Ensemble Learning Based Stock Market Prediction Enhanced with Sentiment Analysis

Sivri M. S., Üstündağ A., Korkmaz B. S.

International Conference on Intelligent and Fuzzy Systems, INFUS 2021, İstanbul, Turkey, 24 - 26 August 2021, vol.308, pp.446-454 identifier

  • Publication Type: Conference Paper / Full Text
  • Volume: 308
  • Doi Number: 10.1007/978-3-030-85577-2_53
  • City: İstanbul
  • Country: Turkey
  • Page Numbers: pp.446-454
  • Keywords: Ensemble learning, Feature selection, Sentiment analysis, Stock Market Prediction
  • Istanbul Technical University Affiliated: Yes


© 2022, The Author(s), under exclusive license to Springer Nature Switzerland AG.Besides technical and fundamental analysis, machine learning and sentiment analysis obtained from non-structural news and comments have been studied extensively in financial market prediction in recent years. It is still uncertain how to combine predictions from news, sentiment scores or financial data.
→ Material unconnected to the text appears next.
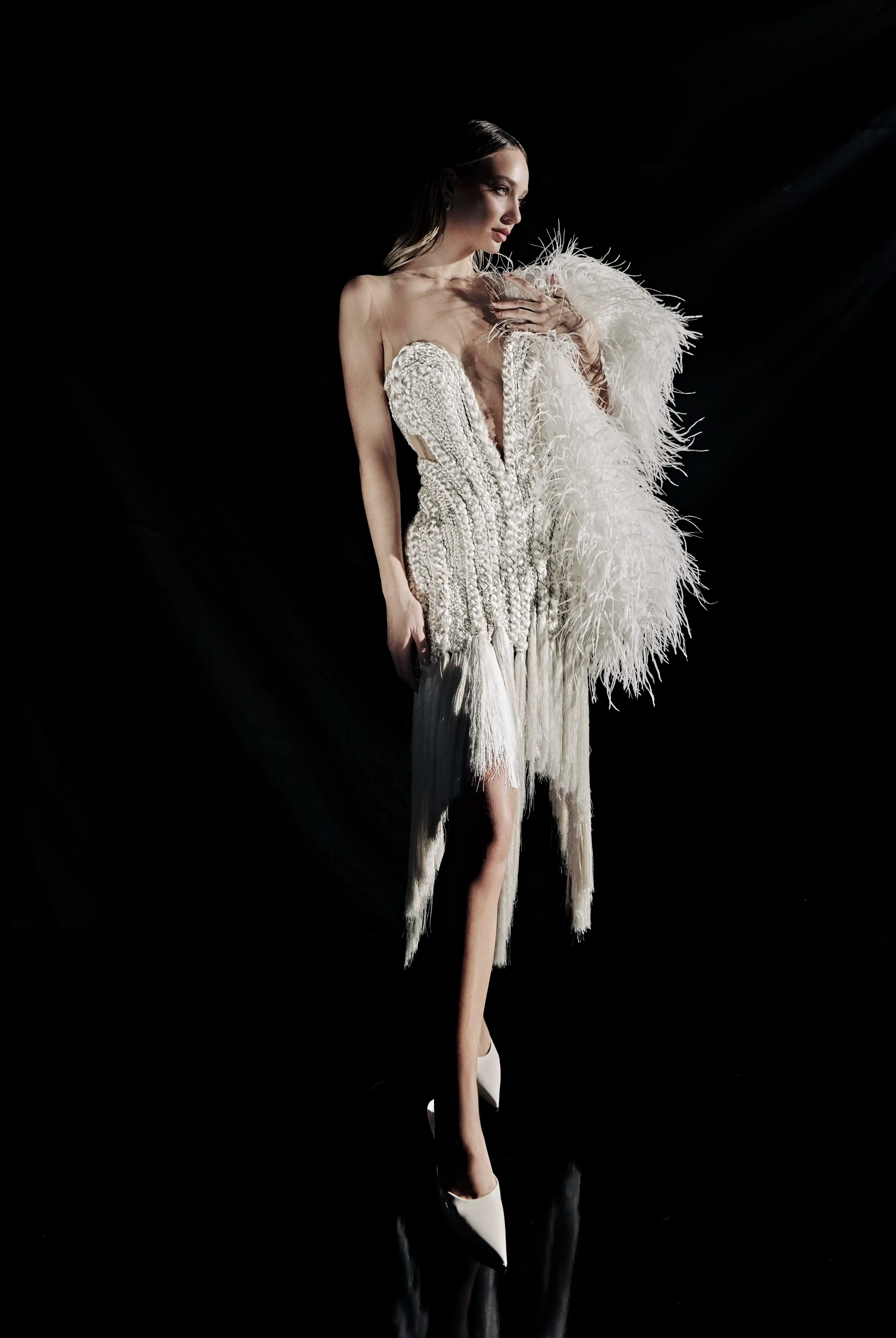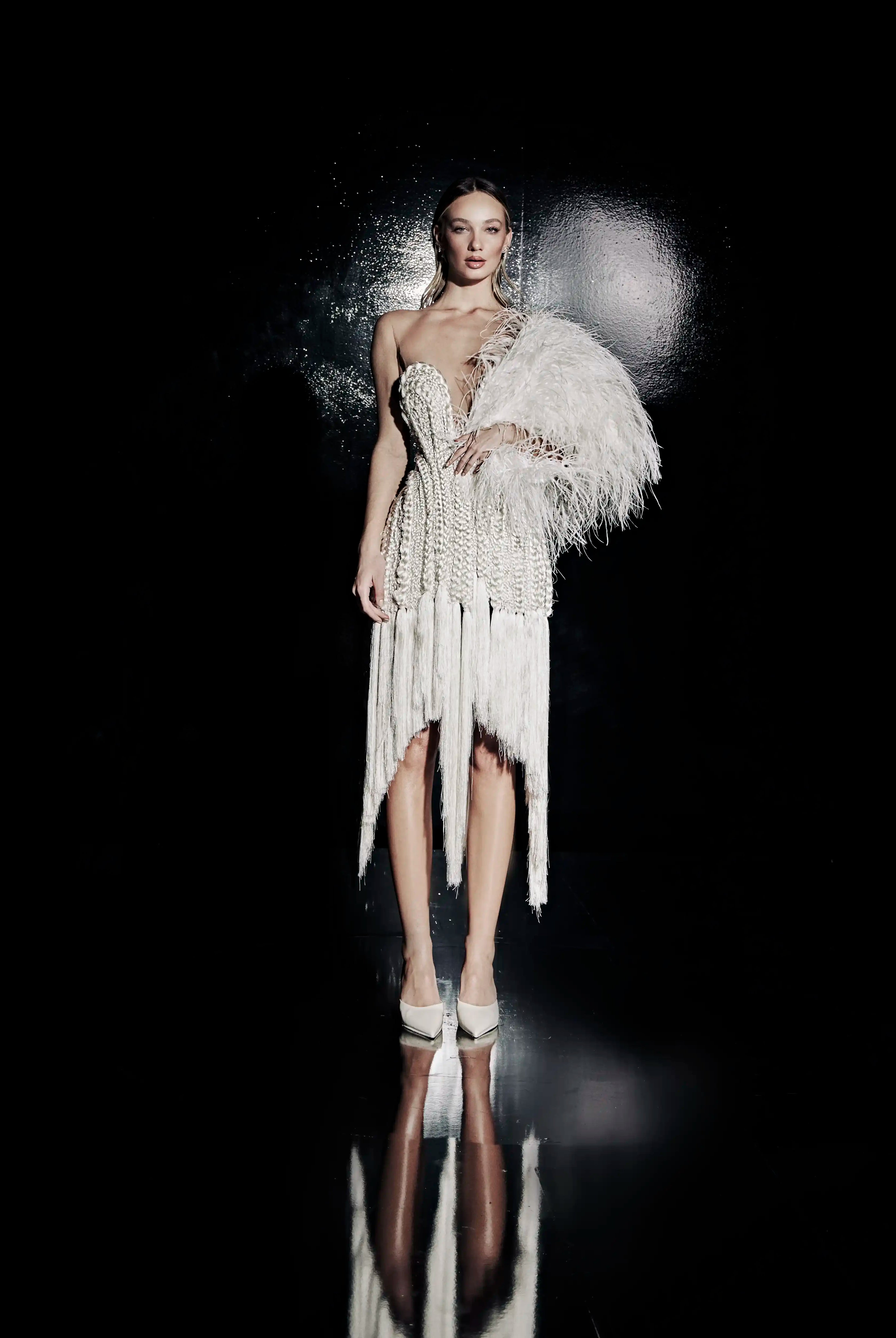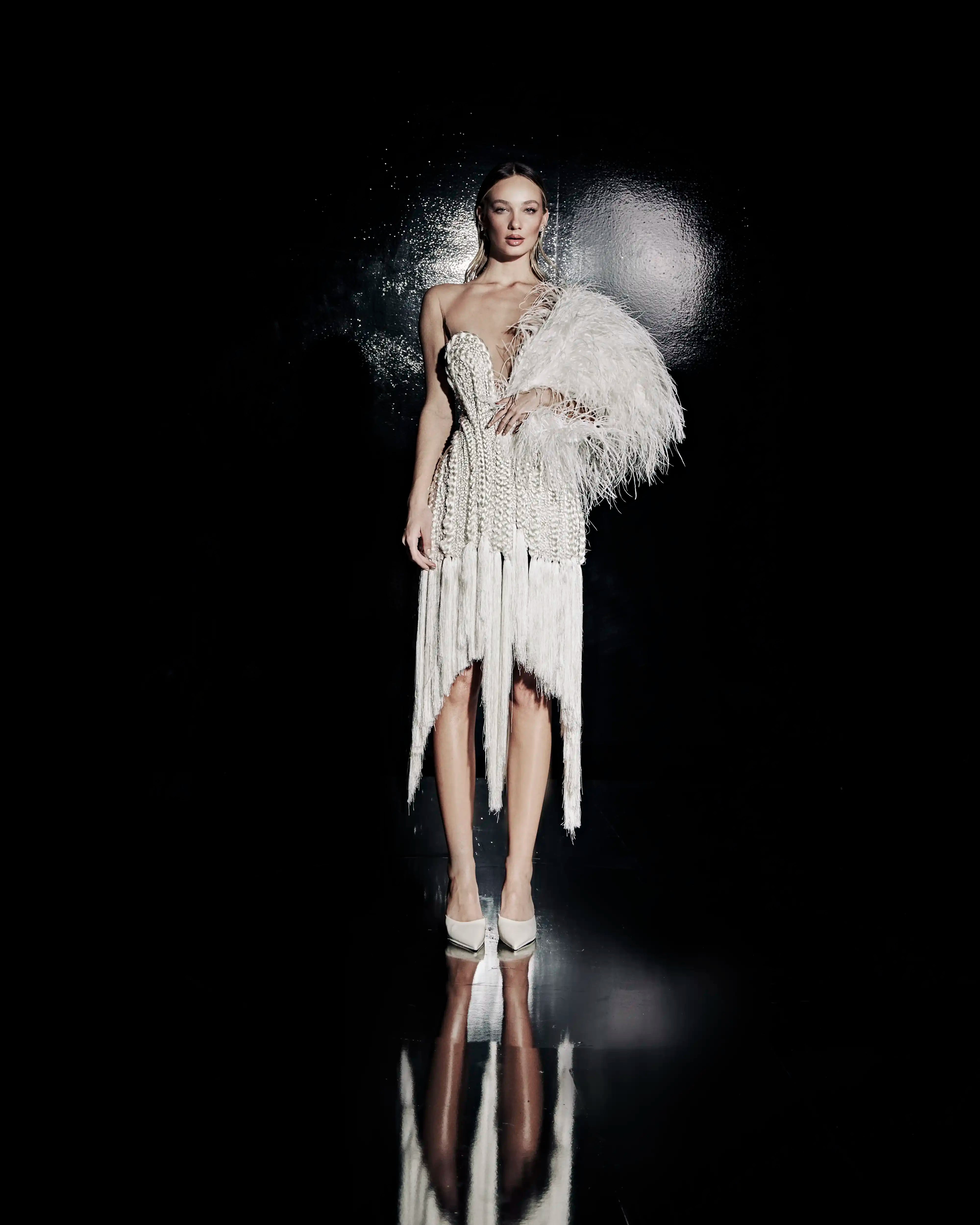 The Vortex Collection introduces the art of mystique. It blends rich, deep hues with timeless sophistication. While the dresses maintain a classic appeal, certain features such as feathers, rhinestones. and accents of fringe, infuse the collection with added drama and appeal. Explore the depths of the Vortex to discover your match.

In this study, we provide a methodology to achieve this issue. Besides the methodology, this study differs from previous studies in terms of data coverage and used models in both sentiment analysis and prediction. Our study consists of weekly predictions by ensemble learning and feature selection methods using 683 variables for stocks traded in the Borsa Istanbul 30 index. In addition, we predicted sentiment scores from news of 18 different sectors and combined both predictions with weighted normalized returns. We used Random Forests, Extreme Gradient Boosting and Light Gradient Boosting Machines of ensemble learning methods for predictions. From the parameters such as training set length, estimation methods, variable selection methods, number of variables, and the number of models in the prediction method, we took the combination that gives the best result. For sentiment scores, tests were performed using BERT, Word2Vec, XLNet and Flair methods. Then, we extracted final sentiment scores from the news. With the proposed trade system, we combined the results obtained from these financial variables and the news sentiment scores. Final results show that we achieved a better performance than both predictions made by using sentiment scores and financial data in terms of weekly return and accuracy.